◆ Work to be completed
Please return the full listing exactly as written, with the images removed.

◆ Task data

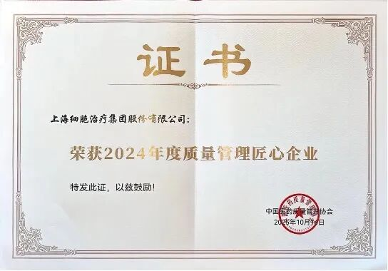 该评选活动由中国医药质量管理协会组织,是医药行业质量管理领域的一项重要权威评选。评审围绕质量发展、创新驱动、品牌实力与综合绩效四大维度,历经多轮专家独立评审、社会公示与协会审定等严格程序,最终选拔出在质量管理实践中成果显著、具有行业引领作用的优秀企业。上海细胞的入选,不仅反映了其在质量管理体系建设上的深厚积累与创新成果,也进一步巩固了其在医药行业,特别是细胞治疗领域的标杆形象。
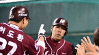 [OSEN=잠실, 김영민 기자] 22일 오후 잠실야구장에서 열린 '2013 한국야쿠르트 세븐 프로야구'두산 베어스와 넥센 히어로즈 경기,6회초 1사 2,3루 오윤의 적시타때 2루주자 강정호 득점을 올리며 동료들의 축하를 받고 있다 두산 베
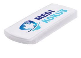 Maße: 37,7 x 21,9, x 3,8 cm W Werbedruck. Fläche: auf die Box 50 x 50 mm
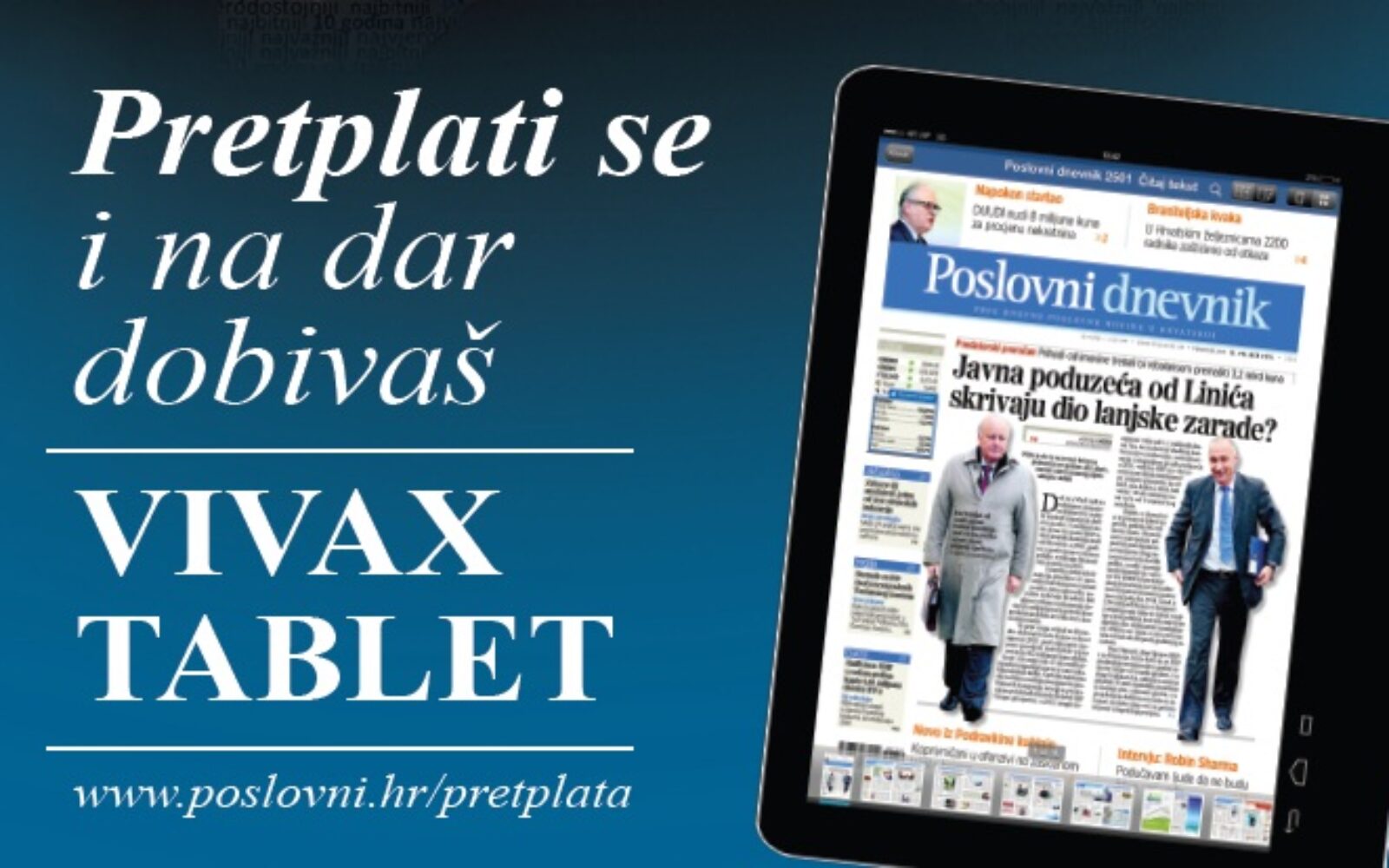 Svi novi pretplatnici koji odaberu godišnju kombiniranu pretplatu koja uključuje tiskano izdanje i digitalni paket Poslovnog dnevnika, dobit će vrijedan VIVAX tablet TPC-78100 u vrijednosti od čak 1099,00 kuna.
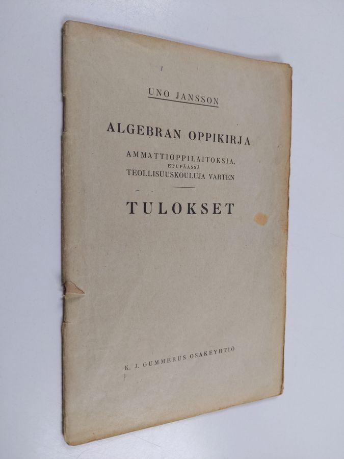 Uno Jansson : Algebran oppikirja : ammattioppilaitoksia, etupäässä teknillisiä kouluja varten : tulokset
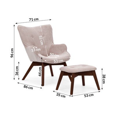 Světle růžové manšestrové křeslo s podnožkou Niko – Ropez
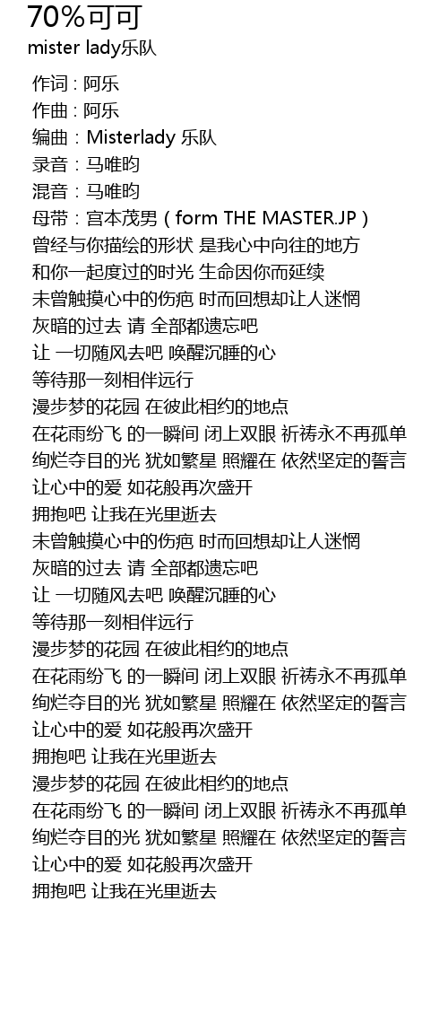 | [00:03.505] | 编曲:Misterlady 乐队 |
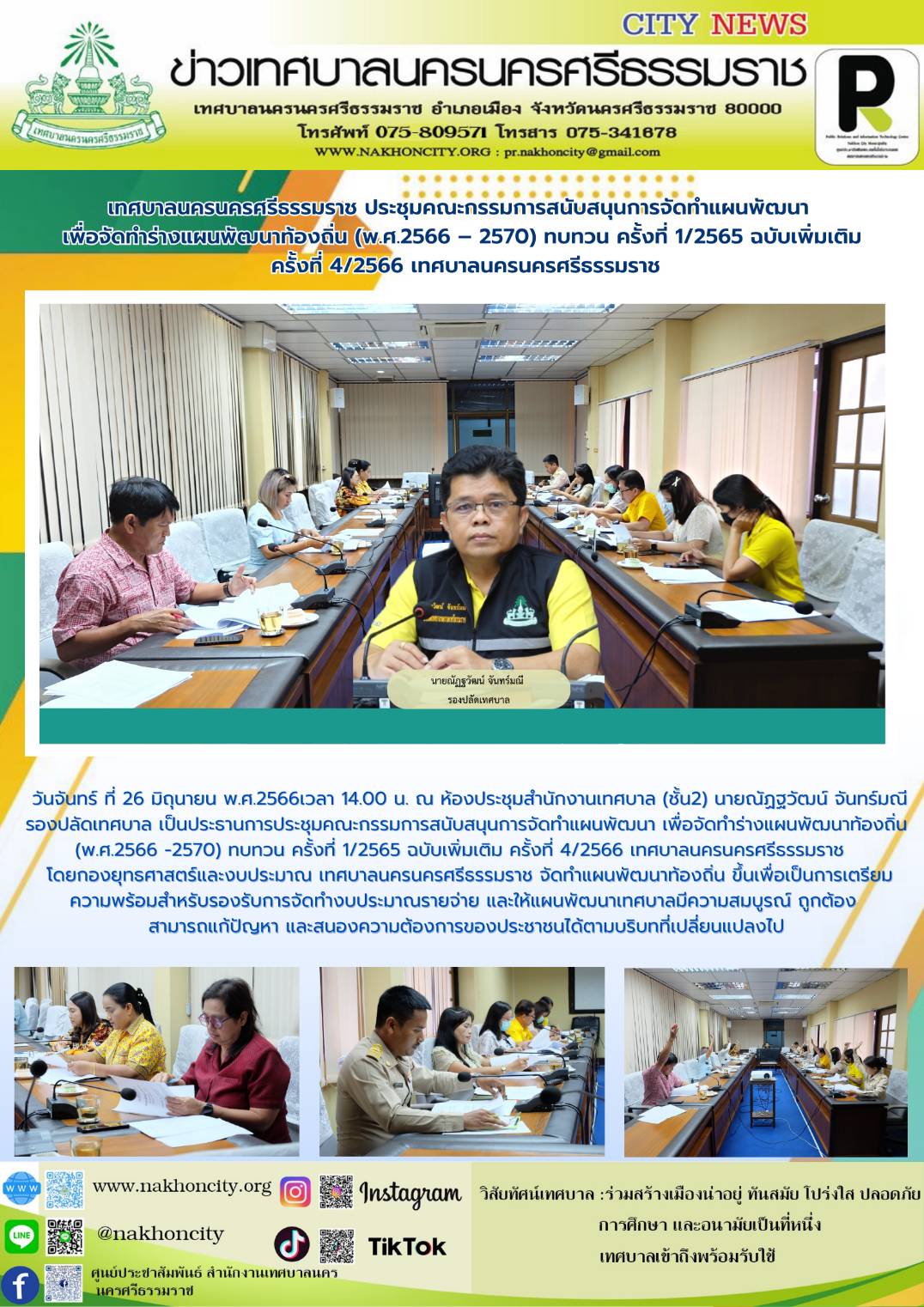 เทศบาลนครนครศรีธรรมราช ประชุมคณะกรรมการสนับสนุนการจัดทำแผนพัฒนา เพื่อจัดทำร่างแผนพัฒนาท้องถิ่น (พ.ศ.2566 – 2570) ทบทวน ครั้งที่ 1/2565 ฉบับเพิ่มเติม ครั้งที่ 4/2566 เทศบาลนครนครศรีธรรมราช |
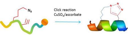 The high efficiency and mild conditions of “click” reaction (Copper catalyzed Huisgen 1,3-dipolar cycloaddition reaction) combined with the ease of synthesis of the necessary unnatural amino acids allows for facile synthesis of triazole-stapled peptides. For example, a combination of L-Nle(εN3) and D-Pra (D-Propargylalanine) substituted at the i and i+4 positions can be used for the generation of single triazole-stapled peptides.
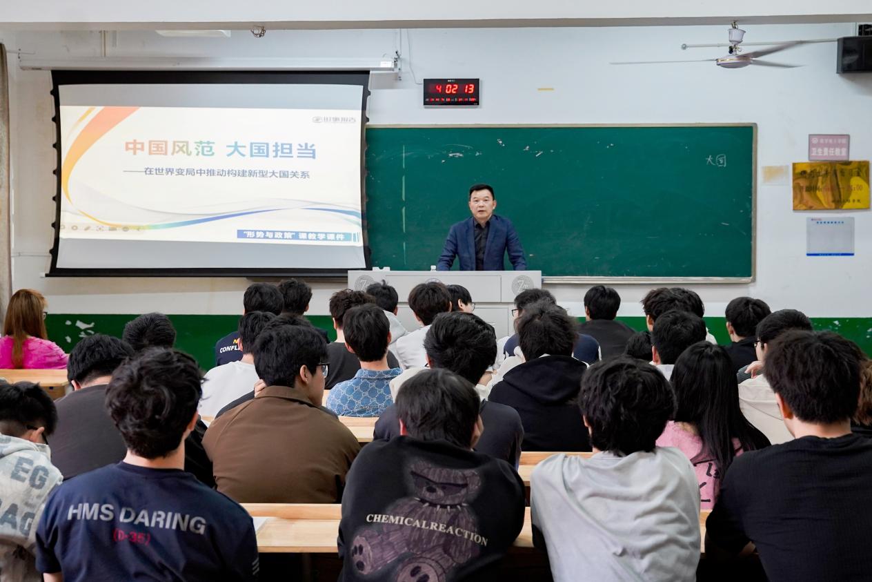 4月17日下午,校党委书记曹执令以“中国风范大国担当——在世界变局中推动构建新型大国关系”为主题,在4教学楼为工程管理24级本科生讲授了一堂视野宏阔、思想深刻的思政课。
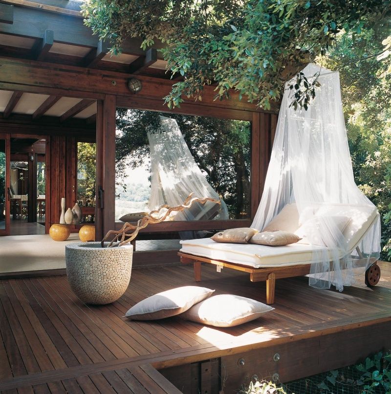 Зона отдыха в саду для принятия солнечных ванн

◆ Response area
 该评选活动由中国医药质量管理协会组织,是医药行业质量管理领域的一项重要权威评选。评审围绕质量发展、创新驱动、品牌实力与综合绩效四大维度,历经多轮专家独立评审、社会公示与协会审定等严格程序,最终选拔出在质量管理实践中成果显著、具有行业引领作用的优秀企业。上海细胞的入选,不仅反映了其在质量管理体系建设上的深厚积累与创新成果,也进一步巩固了其在医药行业,特别是细胞治疗领域的标杆形象。
 [OSEN=잠실, 김영민 기자] 22일 오후 잠실야구장에서 열린 '2013 한국야쿠르트 세븐 프로야구'두산 베어스와 넥센 히어로즈 경기,6회초 1사 2,3루 오윤의 적시타때 2루주자 강정호 득점을 올리며 동료들의 축하를 받고 있다 두산 베
 Maße: 37,7 x 21,9, x 3,8 cm W Werbedruck. Fläche: auf die Box 50 x 50 mm
 Svi novi pretplatnici koji odaberu godišnju kombiniranu pretplatu koja uključuje tiskano izdanje i digitalni paket Poslovnog dnevnika, dobit će vrijedan VIVAX tablet TPC-78100 u vrijednosti od čak 1099,00 kuna.
 Uno Jansson : Algebran oppikirja : ammattioppilaitoksia, etupäässä teknillisiä kouluja varten : tulokset
 Světle růžové manšestrové křeslo s podnožkou Niko – Ropez
 | [00:03.505] | 编曲:Misterlady 乐队 |
 เทศบาลนครนครศรีธรรมราช ประชุมคณะกรรมการสนับสนุนการจัดทำแผนพัฒนา เพื่อจัดทำร่างแผนพัฒนาท้องถิ่น (พ.ศ.2566 – 2570) ทบทวน ครั้งที่ 1/2565 ฉบับเพิ่มเติม ครั้งที่ 4/2566 เทศบาลนครนครศรีธรรมราช |
 The high efficiency and mild conditions of “click” reaction (Copper catalyzed Huisgen 1,3-dipolar cycloaddition reaction) combined with the ease of synthesis of the necessary unnatural amino acids allows for facile synthesis of triazole-stapled peptides. For example, a combination of L-Nle(εN3) and D-Pra (D-Propargylalanine) substituted at the i and i+4 positions can be used for the generation of single triazole-stapled peptides.
 4月17日下午,校党委书记曹执令以“中国风范大国担当——在世界变局中推动构建新型大国关系”为主题,在4教学楼为工程管理24级本科生讲授了一堂视野宏阔、思想深刻的思政课。
 Зона отдыха в саду для принятия солнечных ванн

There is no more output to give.